The Leisen Reimer (1996) model is noted for its rapid convergence. (Reference here). Valuation of European options with the Black-Scholes formula is a long-solved problem . Efficient and accurate analogues valuation for American options using a Black-Scholes style closed form solution remains a challenging problem. Zhu (2006) developed an analytical formula for the value of such an option. The proposed method however incorporates two infinite sums of infinite double integrals which slows down computational time. The difficulties associated with obtaining analytical results have rendered numerical methods the natural choice to pricing American options. Monte Carlo simulation is of less use for pricing American options and the rate of convergence for Monte Carlo simulation can be relatively slow. Amin and Khanna (1994) demonstrated that the Cox, Ross and Rubinstein (1979) tree converges to the correct price. The rate of convergence was later studied by Leisen (1998) who showed that the CRR tree converges with order 1. Staunton (2005) benchmarked several of these approximations to price American options, including: two analytic approximations due to Ju (1998) and Ju and Zhong (1999); the explicit finite difference method; the implicit finite difference method; and the Leisen and Reimer (1996) binomial tree with and without truncation. Where applicable these techniques were tested with and without Richardson extrapolation. Considering time versus error, Staunton concluded that the Leisen-Reimer tree with Richardson extrapolation and truncation was the most effective method, in preference to other competing methods, including those based on numerical integration. Joshi (2009) provides an overview of varying formulae, worth taking a look at before proceeding here. We initially present VBA code for a relatively faster Dynamic- zero Truncated Leisen Reimer binomial estimation based on Espen Haug. Python code and R code is also based on Espen haug tree Design which incorporates dynamic memory usage important for speed.

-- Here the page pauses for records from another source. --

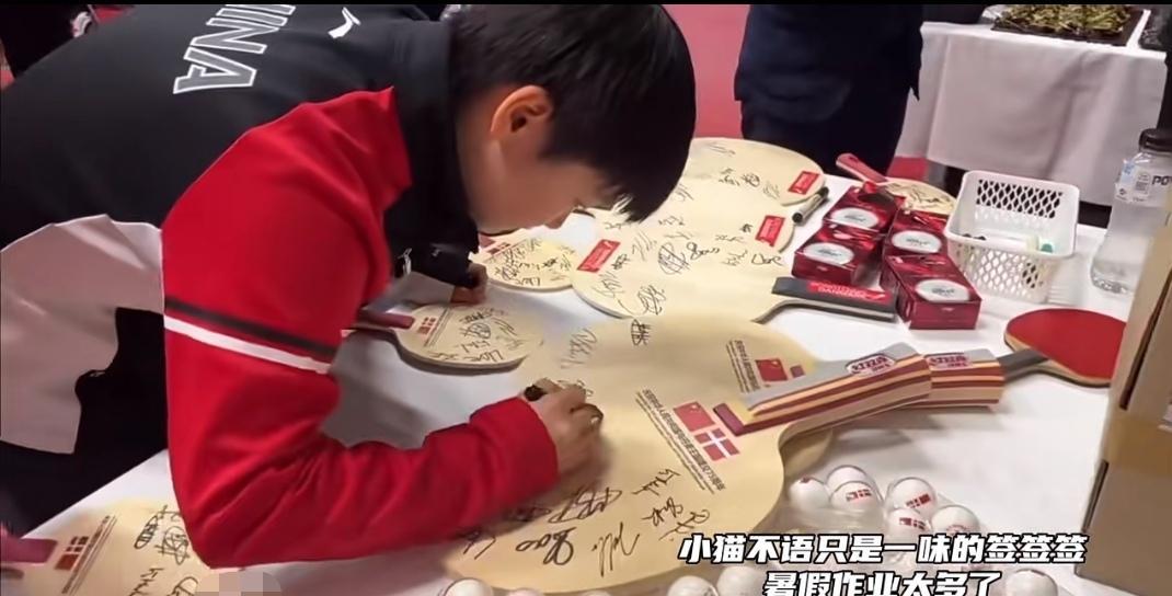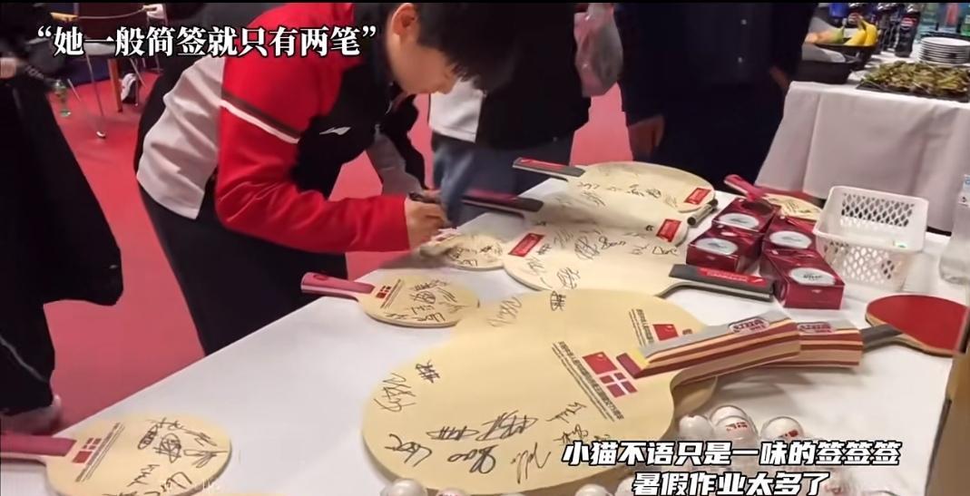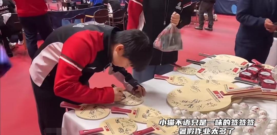 莎莎趴在一堆乒乓球拍子上疯狂签名,笔都快擦出火星子来了。 像不像暑假后期,疯狂
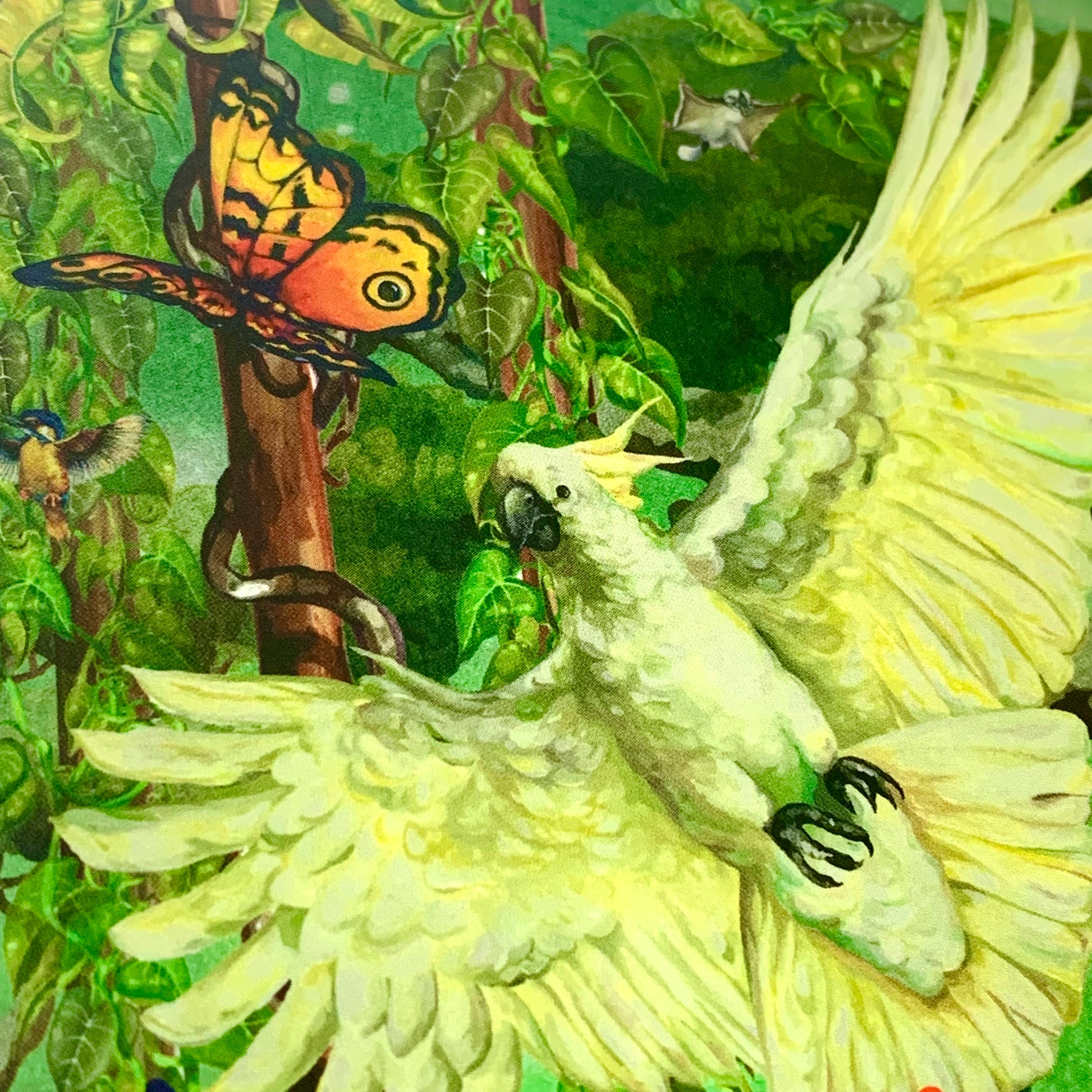 CAIRNS RAINFOREST POSTCARD- A magnificent cocky in flight surrounded by all the colours of the rainforest of our tropical home!
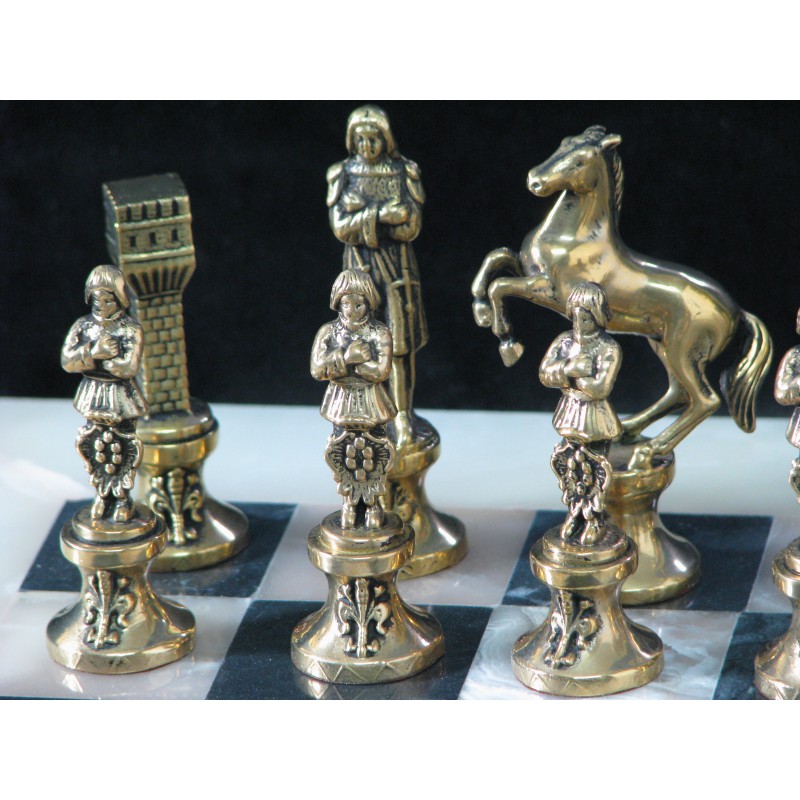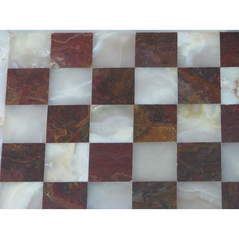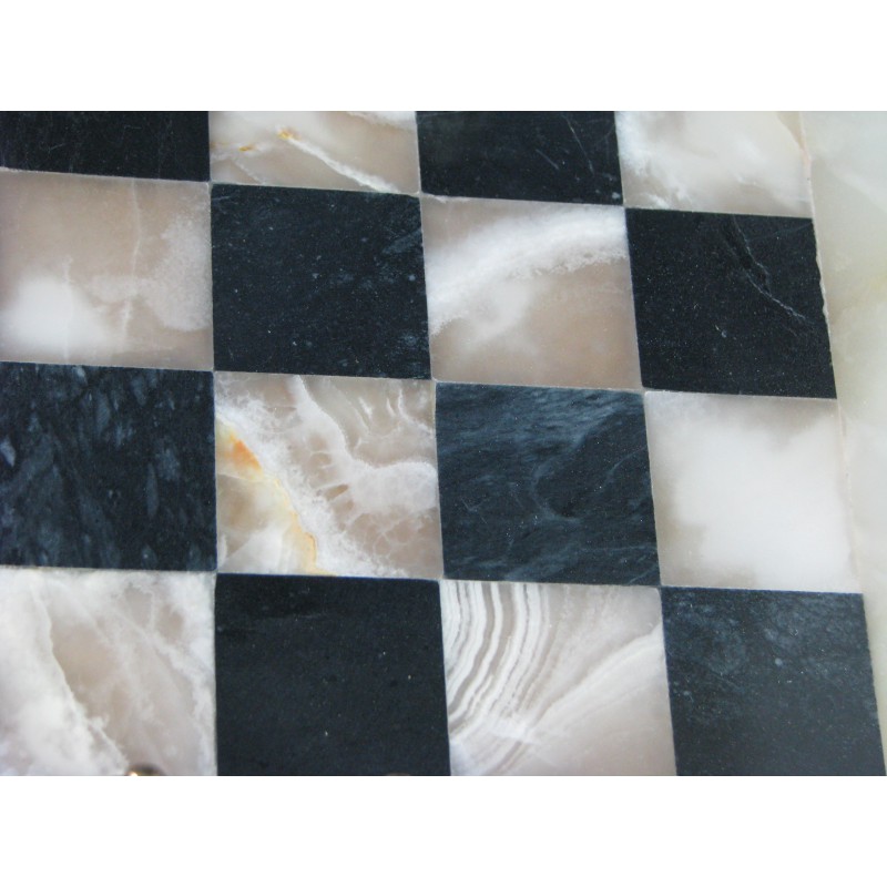 Całość pakowana w aksamitne pudełko. Cena dotyczy 1 kompletu. Kolorystyka szachownic może odbiegać nieco od zdjęć ze względu na różnorodność użytego kamienia.
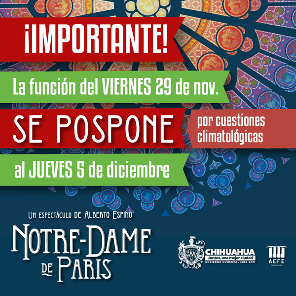 El Gobierno Municipal informa a toda la comunidad que debido al pronóstico del tiempo, el cual señala que el próximo viernes 29 de diciembre se presentarán fuertes ráfagas de viento en la ciudad de Chihuahua, y para salvaguardar la seguridad de los asistentes y actores, la función del espectáculo “Notre Dame de París” programada para este viernes 29 de noviembre será reprogramada para el jueves 5 de diciembre, en el mismo horario y lugar.
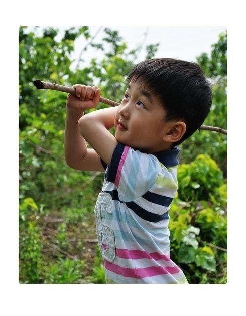 孩子们来了:小女孩上不去树,就用棍子敲;小男孩则脖子上挂两个矿泉水瓶,三下两下爬到了树上。???
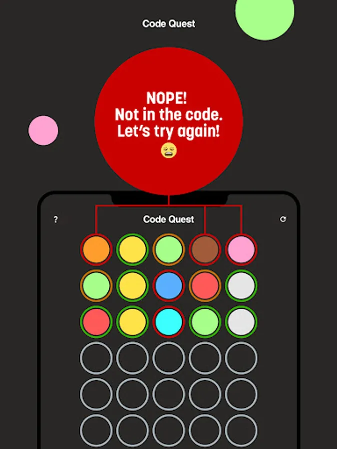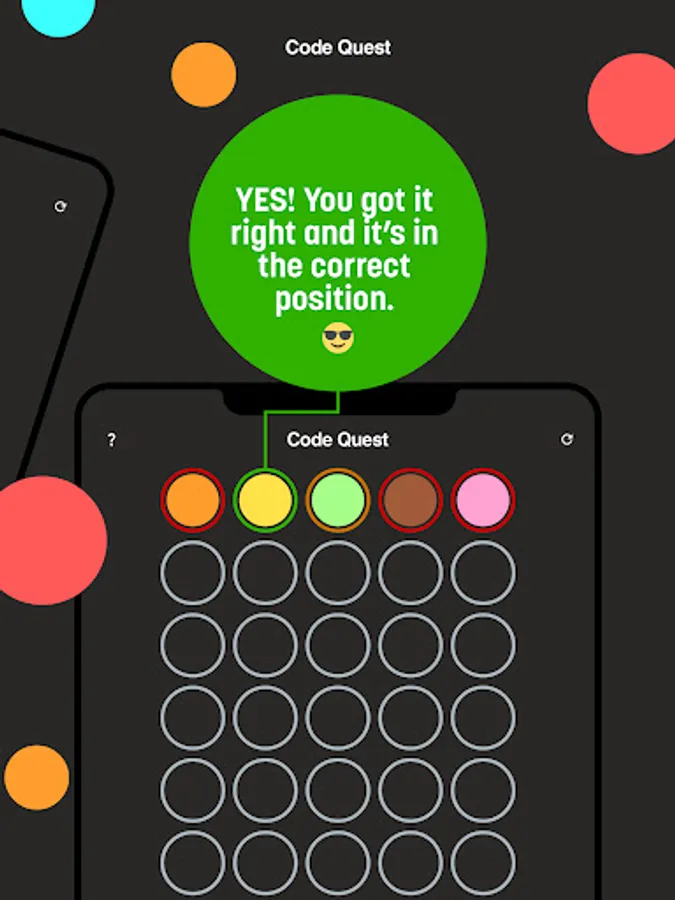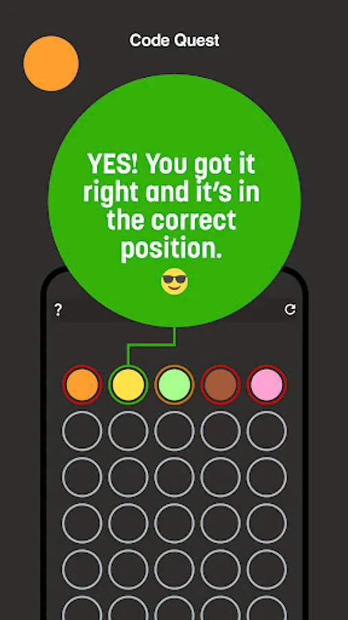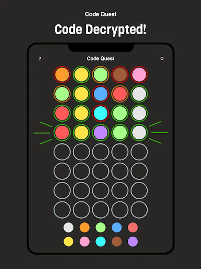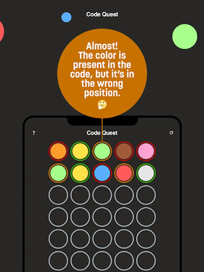 After each guess, the circles will get bordered by a ring to show how close you were to the right colour code.
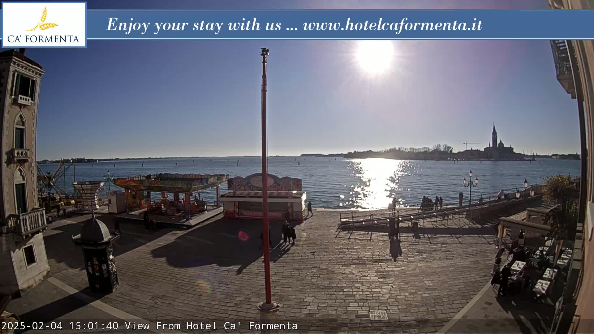 A sunny day in Venice shows a waterfront plaza with a large cruise ship and distant island, a flagpole with a red and gold flag, and a few people walking around.

VBA Code for Leisen Reimer with Truncated zero region and dynamic memory

You might consider this this video to confirm code below is consistent with results from original Leisen Reimer (1996) paper results. Also, I provide some additional analysis of the zero region in the Leisen Lattice lattice here and here.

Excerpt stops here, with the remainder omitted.